Supplied data
⟨

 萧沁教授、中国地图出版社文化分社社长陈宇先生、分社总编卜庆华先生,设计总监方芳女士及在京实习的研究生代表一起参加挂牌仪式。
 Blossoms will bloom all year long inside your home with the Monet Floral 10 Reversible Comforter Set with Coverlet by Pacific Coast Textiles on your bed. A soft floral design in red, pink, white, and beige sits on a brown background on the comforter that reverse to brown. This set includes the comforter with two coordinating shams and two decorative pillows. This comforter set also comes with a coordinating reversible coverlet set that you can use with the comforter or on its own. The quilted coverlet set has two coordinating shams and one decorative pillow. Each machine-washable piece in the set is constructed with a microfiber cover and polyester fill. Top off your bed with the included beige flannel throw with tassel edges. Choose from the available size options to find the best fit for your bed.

⟩
⟨

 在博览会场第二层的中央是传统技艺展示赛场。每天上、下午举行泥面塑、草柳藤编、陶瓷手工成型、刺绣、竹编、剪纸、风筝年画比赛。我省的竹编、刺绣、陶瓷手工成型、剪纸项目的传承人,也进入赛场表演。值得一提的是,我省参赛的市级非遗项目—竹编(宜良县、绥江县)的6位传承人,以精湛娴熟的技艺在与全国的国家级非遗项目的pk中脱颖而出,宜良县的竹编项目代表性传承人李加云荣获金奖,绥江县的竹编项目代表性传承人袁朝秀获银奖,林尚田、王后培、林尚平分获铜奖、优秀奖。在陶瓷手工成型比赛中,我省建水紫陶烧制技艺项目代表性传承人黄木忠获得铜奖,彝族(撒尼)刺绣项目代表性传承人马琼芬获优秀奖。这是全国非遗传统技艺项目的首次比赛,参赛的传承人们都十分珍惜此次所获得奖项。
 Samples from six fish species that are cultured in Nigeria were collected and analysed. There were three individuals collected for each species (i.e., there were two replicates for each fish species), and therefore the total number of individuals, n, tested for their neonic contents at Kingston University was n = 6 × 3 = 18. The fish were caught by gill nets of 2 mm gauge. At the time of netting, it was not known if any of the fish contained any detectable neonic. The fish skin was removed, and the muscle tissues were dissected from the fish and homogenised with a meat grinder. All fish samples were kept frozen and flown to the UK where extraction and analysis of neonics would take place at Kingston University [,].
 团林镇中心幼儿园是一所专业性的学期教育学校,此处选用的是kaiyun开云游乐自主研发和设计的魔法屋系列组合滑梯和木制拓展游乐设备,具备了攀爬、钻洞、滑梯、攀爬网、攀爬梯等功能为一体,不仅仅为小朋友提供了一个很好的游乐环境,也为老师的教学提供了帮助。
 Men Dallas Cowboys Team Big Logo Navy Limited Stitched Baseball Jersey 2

⟩

Problem statement
Give again, word for word, every line of the listing above from the one with "萧沁教授、中国地图出版社文化" to the one with "Blossoms will bloom", both inclusive, and nothing beyond them.

Solution for this problem
 萧沁教授、中国地图出版社文化分社社长陈宇先生、分社总编卜庆华先生,设计总监方芳女士及在京实习的研究生代表一起参加挂牌仪式。
 Blossoms will bloom all year long inside your home with the Monet Floral 10 Reversible Comforter Set with Coverlet by Pacific Coast Textiles on your bed. A soft floral design in red, pink, white, and beige sits on a brown background on the comforter that reverse to brown. This set includes the comforter with two coordinating shams and two decorative pillows. This comforter set also comes with a coordinating reversible coverlet set that you can use with the comforter or on its own. The quilted coverlet set has two coordinating shams and one decorative pillow. Each machine-washable piece in the set is constructed with a microfiber cover and polyester fill. Top off your bed with the included beige flannel throw with tassel edges. Choose from the available size options to find the best fit for your bed.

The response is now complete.